Start of Block

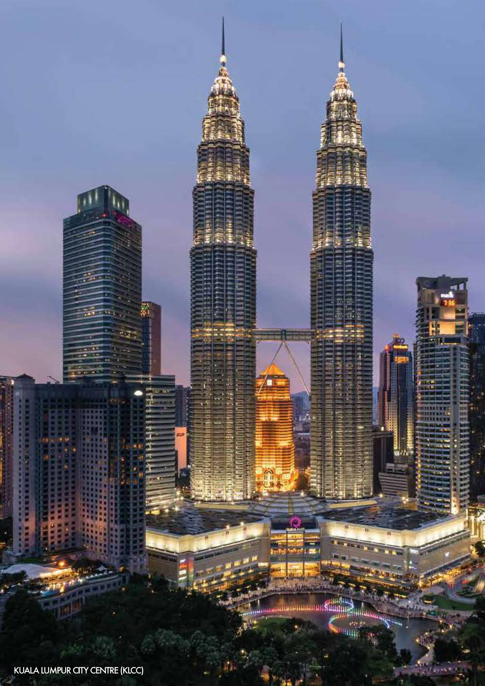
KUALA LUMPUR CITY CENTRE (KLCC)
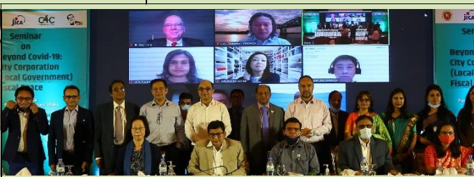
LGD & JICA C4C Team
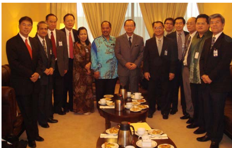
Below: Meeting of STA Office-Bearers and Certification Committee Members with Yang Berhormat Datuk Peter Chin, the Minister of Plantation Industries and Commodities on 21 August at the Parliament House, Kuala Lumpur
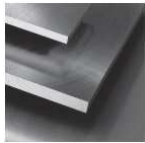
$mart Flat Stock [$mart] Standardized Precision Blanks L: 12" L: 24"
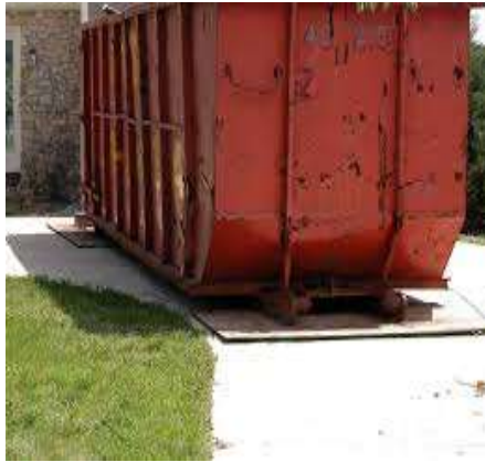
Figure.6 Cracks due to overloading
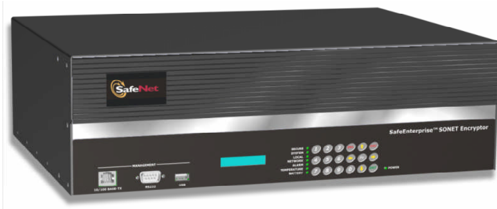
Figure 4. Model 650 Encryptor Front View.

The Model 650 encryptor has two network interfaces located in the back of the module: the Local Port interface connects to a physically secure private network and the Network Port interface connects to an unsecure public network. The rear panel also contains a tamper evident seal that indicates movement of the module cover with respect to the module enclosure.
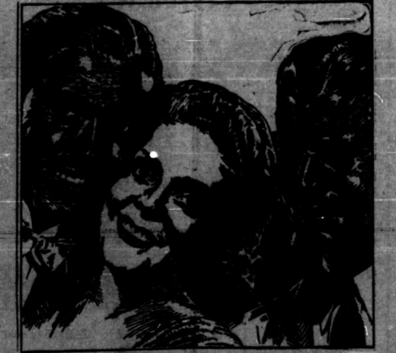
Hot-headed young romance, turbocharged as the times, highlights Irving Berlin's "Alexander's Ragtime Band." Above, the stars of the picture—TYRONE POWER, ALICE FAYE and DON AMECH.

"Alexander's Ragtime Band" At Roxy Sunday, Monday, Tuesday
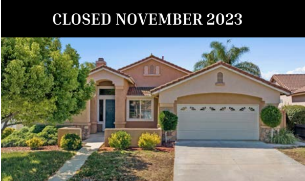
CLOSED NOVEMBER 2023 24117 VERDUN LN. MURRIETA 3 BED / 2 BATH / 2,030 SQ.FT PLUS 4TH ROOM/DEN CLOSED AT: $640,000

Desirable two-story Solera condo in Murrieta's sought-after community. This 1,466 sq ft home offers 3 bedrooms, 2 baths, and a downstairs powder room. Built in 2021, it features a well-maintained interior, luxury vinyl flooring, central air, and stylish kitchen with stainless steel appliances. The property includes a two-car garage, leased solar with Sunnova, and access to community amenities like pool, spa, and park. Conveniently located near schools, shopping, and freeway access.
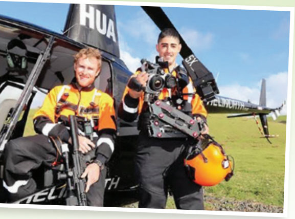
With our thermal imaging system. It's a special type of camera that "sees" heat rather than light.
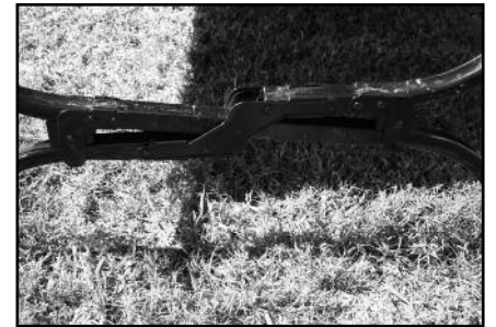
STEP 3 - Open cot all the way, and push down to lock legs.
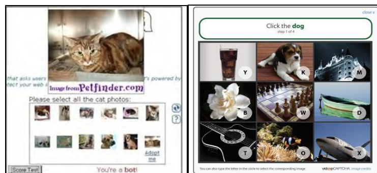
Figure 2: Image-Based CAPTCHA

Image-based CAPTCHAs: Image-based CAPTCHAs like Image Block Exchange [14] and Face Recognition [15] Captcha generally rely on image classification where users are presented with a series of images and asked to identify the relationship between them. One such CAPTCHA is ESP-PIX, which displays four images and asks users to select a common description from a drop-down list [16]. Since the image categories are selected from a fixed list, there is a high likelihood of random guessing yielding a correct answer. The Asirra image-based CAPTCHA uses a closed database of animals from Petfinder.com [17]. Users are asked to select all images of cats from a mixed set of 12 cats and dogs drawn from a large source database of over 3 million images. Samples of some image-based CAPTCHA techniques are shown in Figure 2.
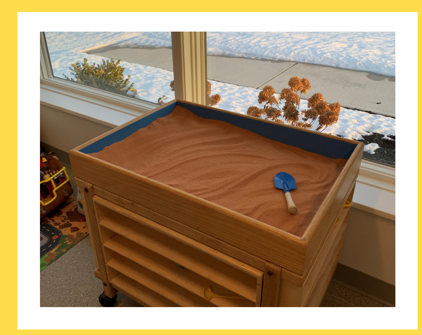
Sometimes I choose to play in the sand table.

End of Block

• _What is being asked_
Copy out the lines above from the line containing "Sunday, Monday, Tuesday" through the line containing "CLOSED NOVEMBER 2023", exactly, and keep the pictures out.

• _Exercise output_
"Alexander's Ragtime Band" At Roxy Sunday, Monday, Tuesday
CLOSED NOVEMBER 2023 24117 VERDUN LN. MURRIETA 3 BED / 2 BATH / 2,030 SQ.FT PLUS 4TH ROOM/DEN CLOSED AT: $640,000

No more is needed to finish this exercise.